DATA —
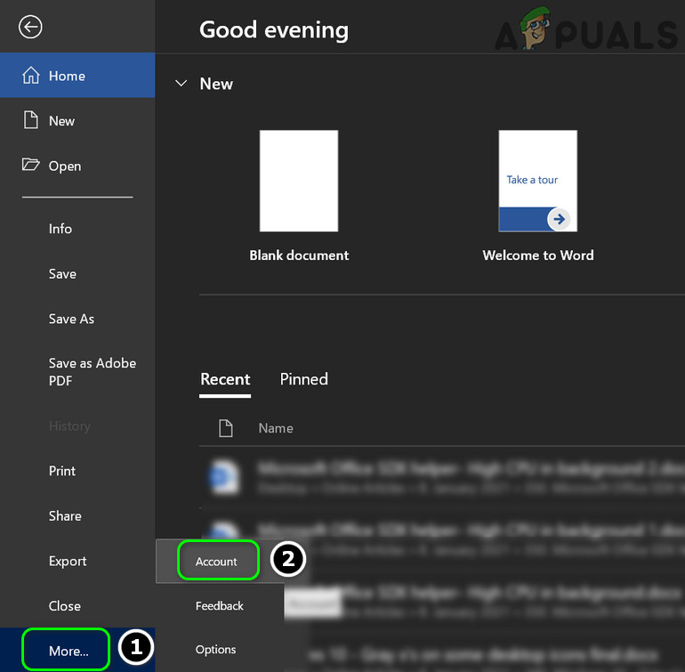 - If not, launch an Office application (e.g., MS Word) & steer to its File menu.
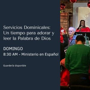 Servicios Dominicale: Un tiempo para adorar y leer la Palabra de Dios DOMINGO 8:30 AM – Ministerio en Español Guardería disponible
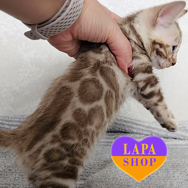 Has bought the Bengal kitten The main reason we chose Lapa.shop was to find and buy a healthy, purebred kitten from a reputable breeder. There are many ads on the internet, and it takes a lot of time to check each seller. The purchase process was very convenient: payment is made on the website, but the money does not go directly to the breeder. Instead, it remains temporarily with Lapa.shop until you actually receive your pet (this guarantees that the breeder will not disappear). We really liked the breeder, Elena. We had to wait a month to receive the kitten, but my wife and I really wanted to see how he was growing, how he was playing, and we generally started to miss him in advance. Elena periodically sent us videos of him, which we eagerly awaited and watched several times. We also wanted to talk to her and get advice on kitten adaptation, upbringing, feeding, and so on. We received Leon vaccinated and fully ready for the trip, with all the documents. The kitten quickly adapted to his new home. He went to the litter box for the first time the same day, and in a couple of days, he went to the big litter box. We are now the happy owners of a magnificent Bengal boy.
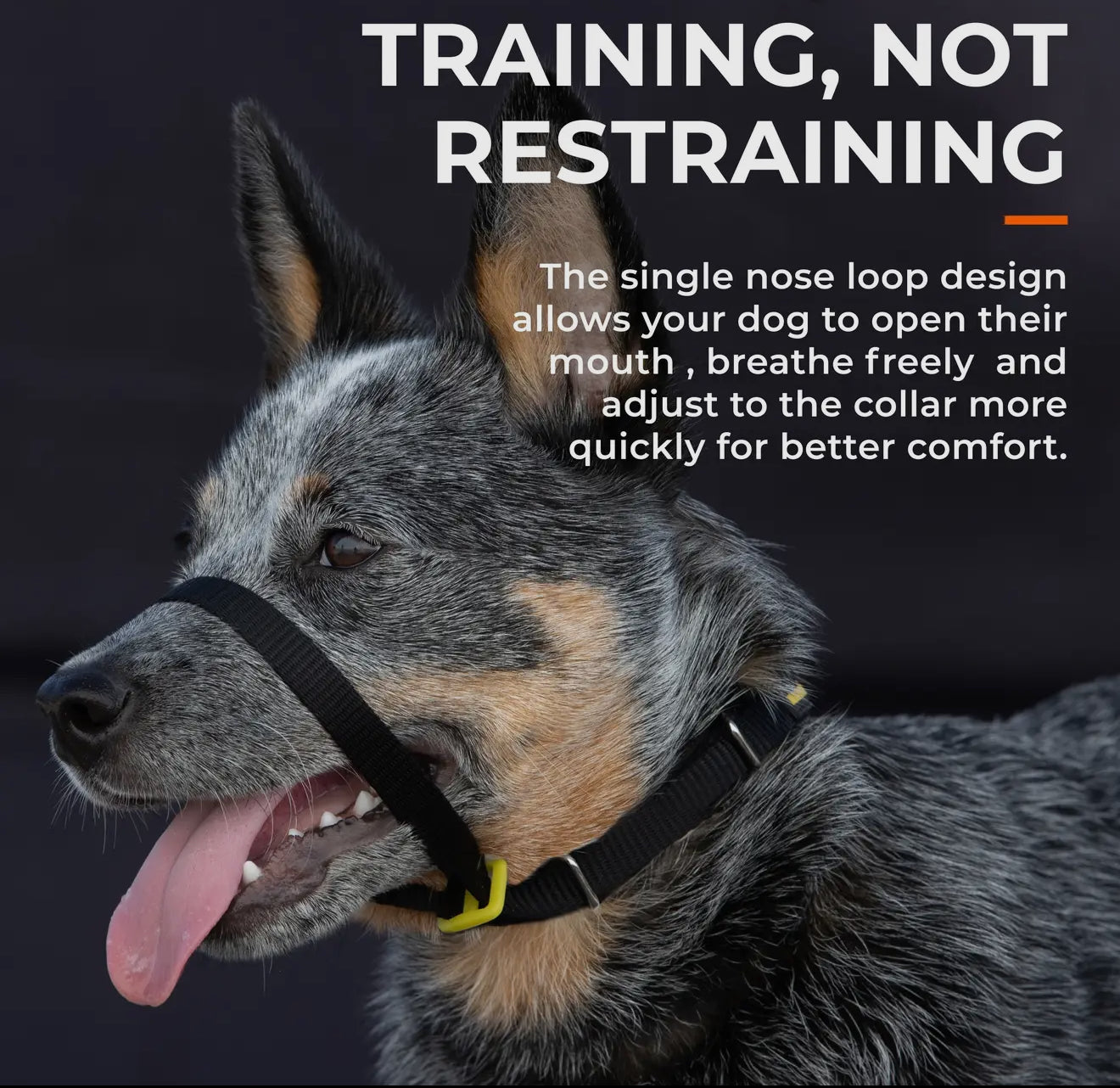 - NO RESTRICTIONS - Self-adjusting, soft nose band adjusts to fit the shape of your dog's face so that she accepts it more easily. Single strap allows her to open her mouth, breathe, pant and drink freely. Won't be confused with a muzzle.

INSTRUCTIONS FOR THE TASK —
Repeat the listing exactly; do not print any picture.

SOLUTION —
 - If not, launch an Office application (e.g., MS Word) & steer to its File menu.
 Servicios Dominicale: Un tiempo para adorar y leer la Palabra de Dios DOMINGO 8:30 AM – Ministerio en Español Guardería disponible
 Has bought the Bengal kitten The main reason we chose Lapa.shop was to find and buy a healthy, purebred kitten from a reputable breeder. There are many ads on the internet, and it takes a lot of time to check each seller. The purchase process was very convenient: payment is made on the website, but the money does not go directly to the breeder. Instead, it remains temporarily with Lapa.shop until you actually receive your pet (this guarantees that the breeder will not disappear). We really liked the breeder, Elena. We had to wait a month to receive the kitten, but my wife and I really wanted to see how he was growing, how he was playing, and we generally started to miss him in advance. Elena periodically sent us videos of him, which we eagerly awaited and watched several times. We also wanted to talk to her and get advice on kitten adaptation, upbringing, feeding, and so on. We received Leon vaccinated and fully ready for the trip, with all the documents. The kitten quickly adapted to his new home. He went to the litter box for the first time the same day, and in a couple of days, he went to the big litter box. We are now the happy owners of a magnificent Bengal boy.
 - NO RESTRICTIONS - Self-adjusting, soft nose band adjusts to fit the shape of your dog's face so that she accepts it more easily. Single strap allows her to open her mouth, breathe, pant and drink freely. Won't be confused with a muzzle.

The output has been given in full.